There are lots of studies focusing on the benefits of young girls who play with female action figures. Think Katniss Everdeen, Buffy the Vampire Slayer and the equally confident version of Snow White in Snow White & The Huntsmen. But alongside these fictitious women of action are the fictional women of wits who also fight battles with a non-physical approach. Using their intellect, intuition and insight, these women “catch the bad guys” all the same. The immensely popular character of Carrie Mathison in the multi-award winning Homeland series combats the secret web of international affairs primarily with her gusto moves and endless wit.
Women can be powerful on both sides of the combat equation, and it is up to our generation to keep acknowledging their contributions and illustrating how they control their situations with skill and strength under extreme circumstances. Not because they are women who happen to be soldiers, but because they are soldiers who happen to be women.
Their actions are not special because of their gender, but their gender does make their actions worth acknowledging in order to bring mainstream awareness to the significance of women in our military system. As of the latest Pentagon research, only 14.5% of active military is female. It’s imperative for young girls to realize military service is an option for them–one that can bring them a great deal of pride and accomplishment.
We turn to three of these women warriors and their respective combat honors. Three women who would have Charlie’s Angels taking notes…
1. Sergeant Leigh Ann Hester – is an Army National Guard soldier out of the Kentucky unit who is the first female U.S. army solider to receive the Silver Star since World War II and the first to be cited for valor in close quarters combat. The Silver Star is the third-highest military decoration for courage. When the enemy ambushed a U.S. supply convoy in Iraq, a then 23-year-old SGT Hester led her team through the kill zone and organized them for a side attack position, where she assaulted a trench line with grenades. She and her squad leader, Staff Sergeant Timothy F. Nein, then assaulted and cleared two trenches. She also killed at least three enemy soldiers with her rifle. When the battle was over, 27 rebels were dead, six were wounded, and one captured. In part, her citation reads that her actions “saved the lives of numerous convoy members.”
SGT Hester told the American Forces Press Service that she didn’t have time to be scared when the fight began. “Your training kicks in and the soldier kicks in,” Hester says. “It’s your life or their's. … You’ve got a job to do—protecting yourself and your fellow comrades.”
Her soldier’s instinct has given her a permanent place in U.S. history and is literally “one for the books”.

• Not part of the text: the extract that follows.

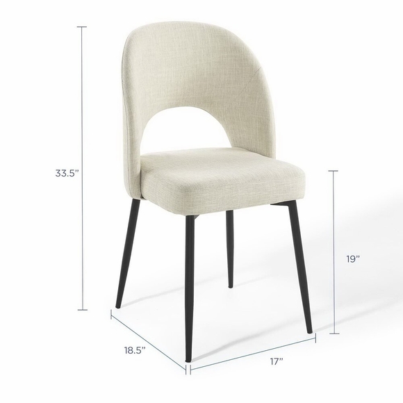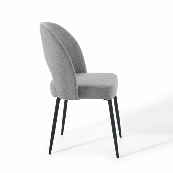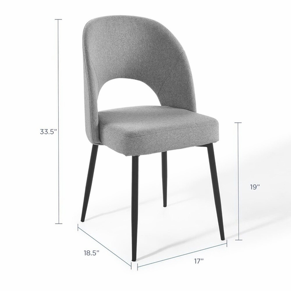 Revel in a stylish update on a classic design. Comprised of densely padded foam that supports the durable and soft fabric upholstery, the Rouse Upholstered Fabric Dining Side Chair offers a luxurious update to mid-century design. This glamorous dining chair is constructed from bentwood and sits atop four matte black stainless steel splayed and tapered legs. A comfortable fabric dining chair with open back design, experience the smooth curves and subtle embrace of this versatile dining room side chair. Chair Weight Capacity: 331 lbs.

2. Army Specialist Monica Lin Brown – is a United States Army medic who was the first woman to receive the Silver Star in Afghanistan (and the second to receive the honor since World War II). Monica saved the lives of her fellow soldiers by running through heavy gunfire to reach the burning wreckage of their Humvee, which had been hit by an IED (improvised explosive device). When rounds of ammunition from the truck started exploding, Monica used her own body as a shied to get the wounded men to safety. Both soldiers she saved had suffered life-threatening injuries. Once she was able to get the injured to a more stable area, she continued rendering aid until medical evacuation. Both soldiers survived their injuries. Talk about the face of danger. We think Monica got a good look at it and said, “Let’s go.”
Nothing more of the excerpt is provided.